Security Tools and Resources

Security Resources

Common Weakness Enumeration (CWE)

The CWE is a "list of software weaknesses." It catalogs and defines types of vulnerabilities, so that these can be easily discussed and addressed.

The common Weakness Enumeration (CWE) includes examples of code that have each been identified as having a specific software weakness.

The CWE is sponsored by MITRE, which also runs the CVE program (see below).

The National Vulnerability Database (NVD)

The National Vulnerability Database (NVD) is "a repository of standards-based vulnerability management data."

The NVD includes the Common Vulnerabilities and Exposures (CVE®) list, descriptions of these CVEs, other resources such as the Common Configuration Enumeration (CCE™), and links to security checklists.

The CVE list includes "entries" for publicly known cybersecurity vulnerabilities. Each entry includes a unique identifier (CVE ID), details of the vulnerability, and links to related resources.

The Open Web Application Security Project (OWASP)

The Open Web Application Security Project (OWASP) is "an online community which produces freely-available articles, methodologies, documentation, tools, and technologies in the field of web application security."

OWASP's Top 10 list "is a classification of the most common attacks on the web," and provides guidance on how to mitigate these attacks.

The SANS Institute

The SANS Institute is "the most trusted and by far the largest source for information security training in the world."

SANS offers a variety of free resources, including the Global Information Assurance Certification (GIAC) program, a large library of whitepapers, and security tools.

The United States Computer Emergency Readiness Team (US-CERT)

US-CERT "coordinates defense against and responses to computer security threats within the United States."

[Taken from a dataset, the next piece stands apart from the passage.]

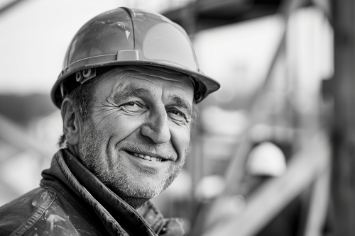 black and white portrait of smiling man in hard hat, construction site, worker behind him out-of-focus, Leica M6 Monochrom with Summilux-M70mm f/2 ASPH lens, natural light, portrait photography, fujifilm x-t4, Leclerc camera for fintess magazine cover shot --ar 128:85 --v 6.0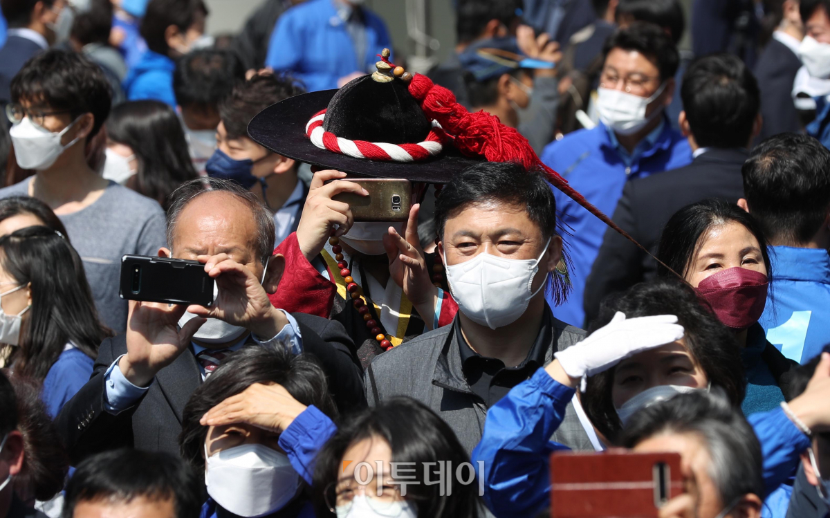 보궐선거 투표를 하루앞둔 6일 박영선 더불어민주당 서울시장 후보가 종로 동화면세점 앞 유세장에서 지지를 호소하는 가운데 시민들이 후보자연설을 경청하고 있다.

They offer a variety of resources for both individuals and organizations, including security tips, guidance on malware removal, and information on current threats.

## Summary

There are a variety of resources available to individuals and organizations interested in learning more about cybersecurity. These resources include the Common Weakness Enumeration (CWE), the National Vulnerability

The Common Vulnerability Scoring System (CVSS)

The CVSS is a "industry open standard designed to convey the severity of vulnerabilities."

It consists of three metric groups: Base, Temporal, and Environmental. These groups are used to calculate a score between 0.0 and 10.0, with 10.0 being the most severe.

The Open Vulnerability Assessment System (OpenVAS)

OpenVAS is "a framework of several services and tools offering a comprehensive and powerful vulnerability scanning and management solution."

It is free and open source, and runs on Linux.

The Security Content Automation Protocol (SCAP)

The SCAP is "a method for using specific standards to enable automated vulnerability management, measurement, and policy compliance evaluation."

It consists of a set of open standards, which are used to "create security checklists, configuration baselines, and vulnerability signatures."

Summary

There are a variety of resources available to individuals and organizations interested in learning more about cybersecurity. These resources include the Common Vulnerability Scoring System (CVSS), the Open Vulnerability Assessment System (OpenVAS), and the Security Content Automation Protocol (SCAP). By using these resources, organizations can more effectively manage and respond to cybersecurity threats.